Acting on the said Memorandum, UST wrote the Son et. al. and other affected faculty members, informing them of the university’s decision to cease re-appointment of those who failed to complete their Master’s degrees.
Subsequently, Son et. al. received termination/thank you letters signed by respondent Dr. Cynthia Loza, Dean of the College of Fine Arts and Design. The reason given for non-renewal of their appointments is their failure to obtain the required Master’s degree.
Son et. al. filed a labor case against UST for illegal dismissal claiming that since they have already acquired tenure by default pursuant to the CBA, they could not be dismissed for failure to complete their respective Master’s degrees. The CBA and its provision on tenure by default prevail over CHED Memorandum Order No. 40-08, as they constitute the law between the parties.

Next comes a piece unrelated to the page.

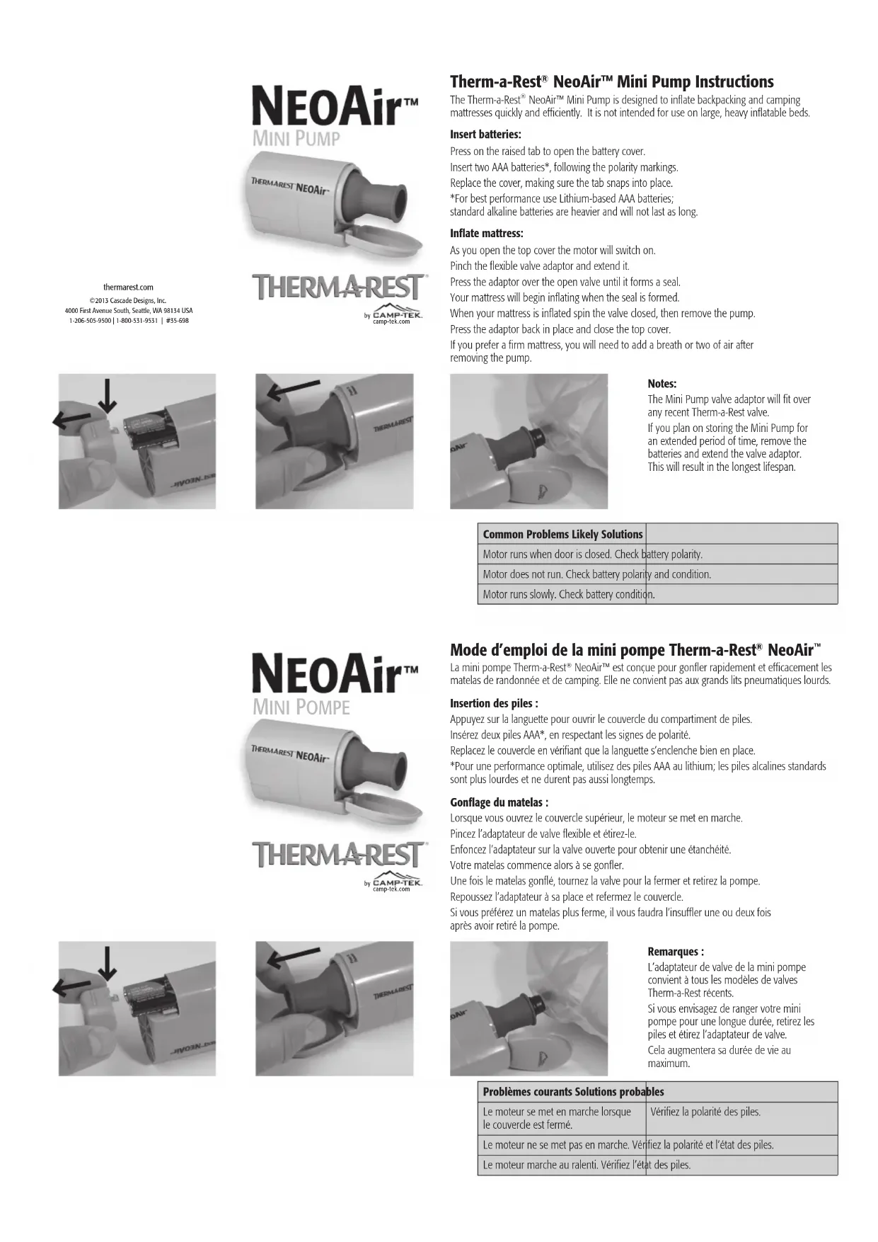 NeoAir™ est conçue pour gonfler rapidement et efficacement les matelas de randonnée et de camping. Elle ne convient pas aux grands lits pneumatiques lourds. Insertion des piles : Appuyez sur la languette pour ouvrir le couvercle du compartiment de piles. Insérez deux piles AAA*, en respectant les signes de polarité. Replacez le couvercle en vérifiant que la languette s’enclenche bien en place. *Pour une performance optimale, utilisez des piles AAA au lithium; les piles alcalines standards sont plus lourdes et ne durent pas aussi longtemps. Gonflage du matelas : Lorsque vous ouvrez le couvercle supérieur, le moteur se met en marche. Pincez l’adaptateur de valve flexible et étirez-le. Enfoncez l’adaptateur sur la valve ouverte pour obtenir une étanchéité. Votre matelas commence alors à se gonfler. Une fois le matelas gonflé, tournez la valve pour la fermer et retirez la pompe. Repoussez l’adaptateur à sa place et refermez le couvercle. Si vous préférez un matelas plus ferme, il vous faudra l’insuffler une ou deux fois après avoir retiré la pompe. Problèmes courants Solutions probables Le moteur se met en marche lorsque le couvercle est fermé. Vérifiez la polarité des piles. Le moteur ne se met pas en marche. Vérifiez la polarité et l’état des piles. Le moteur marche au ralenti. Vérifiez l’état des piles. Remarques : L’adaptateur de valve de la mini pompe convient à tous les modèles de valves Therm-a-Rest récents. Si vous envisagez de ranger votre mini pompe pour une longue durée, retirez les piles et étirez l’adaptateur de valve. Cela augmentera sa durée de vie au maximum. MINI POMPEMINIPUMPE camp-tek.com Häufige Probleme Wahrscheinliche LösungenMotor läuft bei geschlossener Abdeckung weiter. Überprüfen Sie die Batteriepolarität.Motor läuft nicht. Überprüfen Sie die Batteriepolarität sowie den Batteriezustand.Motor läuft langsam. Überprüfen Sie den Batteriezustand. camp-tek.com

a) Whether Son et. al. were illegally dismissed.
b) Whether UST is deemed to be in estoppel or has waived the application of the requirement under CHED Memorandum Order No. 40-08 when it continued to hire Son et. al.
A. Son et. al. were not illegally dismissed.
“A void contract is equivalent to nothing; it produces no civil effect; and it does not create, modify or extinguish a juridical relation.”
As early as in 1992, the requirement of a Master’s degree in the undergraduate program professor’s field of instruction has been in place, through DECS Order 92 (series of 1992, August 10, 1992) or the Revised Manual of Regulations for Private Schools. Article IX, Section 44, paragraph 1 (a) thereof provides that college faculty members must have a master’s degree in their field of instruction as a minimum qualification for teaching in a private educational institution and acquiring regular status therein.
DECS Order 92, Series of 1992 was promulgated by the DECS in the exercise of its rule-making power as provided for under Section 70 of Batas Pambansa Blg. 232, otherwise known as the Education Act of 1982. As such, it has the force and effect of law. In University of the East v. Pepanio, the requirement of a masteral degree for tertiary education teachers was held to be not unreasonable but rather in accord with the public interest.
Thus, when the CBA was executed between the parties, they had no right to include therein the provision relative to the acquisition of tenure by default, because it is contrary to, and thus violative of the 1992 Revised Manual of Regulations for Private Schools that was in effect at the time. As such, said CBA provision is null and void, and can have no effect as between the parties. “A void contract is equivalent to nothing; it produces no civil effect; and it does not create, modify or extinguish a juridical relation.”
Under the Civil Code, Art. 1409. The following contracts are inexistent and void from the beginning:
“(1) Those whose cause, object or purpose is contrary to law, morals, good customs, public order or public policy;xxx”
B. UST is not estopped.
It cannot be said either that by agreeing to the tenure by default provision in the CBA, UST is deemed to be in estoppel or has waived the application of the requirement under CHED Memorandum Order No. 40-08. Such a waiver is precisely contrary to law.
“There could be no acquiescence – amounting to estoppel – with respect to acts which constitute a violation of law.” There could be no acquiescence – amounting to estoppel – with respect to acts which constitute a violation of law. “The doctrine of estoppel cannot operate to give effect to an act which is otherwise null and void or ultra vires.” “No estoppel can be predicated on an illegal act.”
See related case: University of the East v. Pepanio
A. A void contract is equivalent to nothing; it produces no civil effect; and it does not create, modify or extinguish a juridical relation.
B. The doctrine of estoppel cannot operate to give effect to an act which is otherwise null and void or ultra vires. No estoppel can be predicated on an illegal act.